The bill expands federally funded legal resources, multilingual assistance, training, and legal protections to encourage ERPO petitions and earlier interventions for public safety, but does so at measurable fiscal cost and with risks to due process, uneven implementation, limited remedies for those harmed by bad‑faith petitions, and potential conflicts where local offices are funded to both support and oppose petitioners.
Covered petitioners — including immigrants and non-English speakers — will get substantially improved access to counsel, interpreters, and multilingual legal resources (hiring of attorneys/coordinators), speeding and improving ERPO representation.

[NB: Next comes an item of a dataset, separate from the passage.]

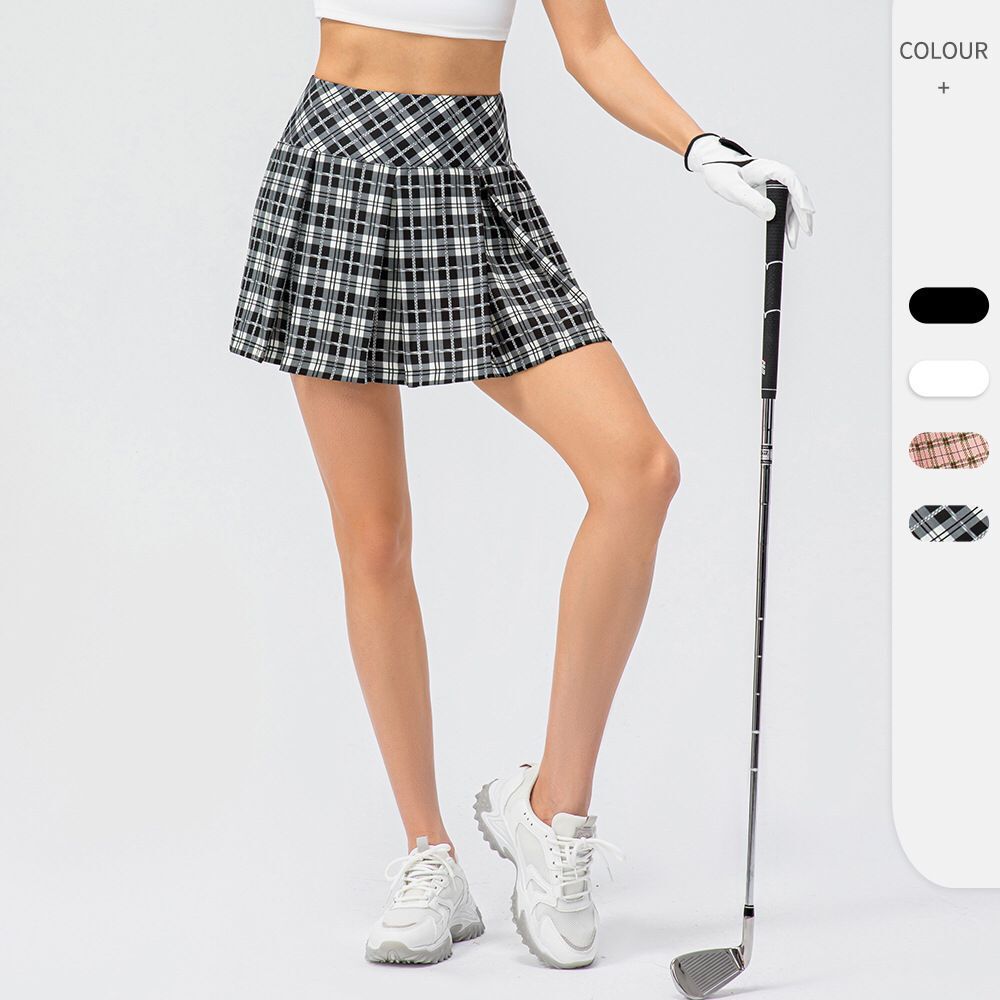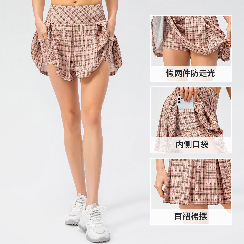 Spring And Summer Women's Plaid Sports Skirt Pleated Skirt Household Running Dance Anti-exposure Skirt Pants Yoga Tennis Skirt

People who petition for ERPOs will be largely shielded from most civil lawsuits arising from filing a petition, reducing fear of retaliation and encouraging more people to come forward when concerned about firearm risk.
State, local, Tribal and federal authorities — and the public they serve — may see more and earlier ERPO filings (enabling earlier interventions to prevent firearm harm) as petitioners face fewer civil-suit risks.
Victims or others harmed by retaliatory or bad‑faith petitions may lose access to a federal forum and face limited remedies unless they can prove a petition was false or intentionally harassing, constraining redress for real harms.
People subject to ERPOs may face increased risk of erroneous firearm removal or perceived due‑process problems if standards and implementation vary across jurisdictions.
Taxpayers will fund up to about $350 million in new federal spending between 2028–2034 to run this program.
Based on analysis of 3 sections of legislative text.
Creates a federal grant program to fund legal representation, interpretation, resource centers, staff, and training for people seeking ERPOs and limits most federal suits against such petitioners.
Introduced January 21, 2026 by Judy Chu · Last progress January 21, 2026
Creates a federal grant program to help people who file extreme risk protection order (ERPO) petitions get legal representation, interpretation services, and access to multilingual legal resources; funds may also support hiring staff, subgrants to nonprofit legal aid groups, and practitioner training. The Attorney General would award grants to States, local governments, and Tribal governments and the bill authorizes $50 million per year for fiscal years 2028–2034. The measure also prevents most federal courts from hearing lawsuits that arise solely because someone filed an ERPO petition, except when a petitioner filed a knowingly false or intentionally harassing petition.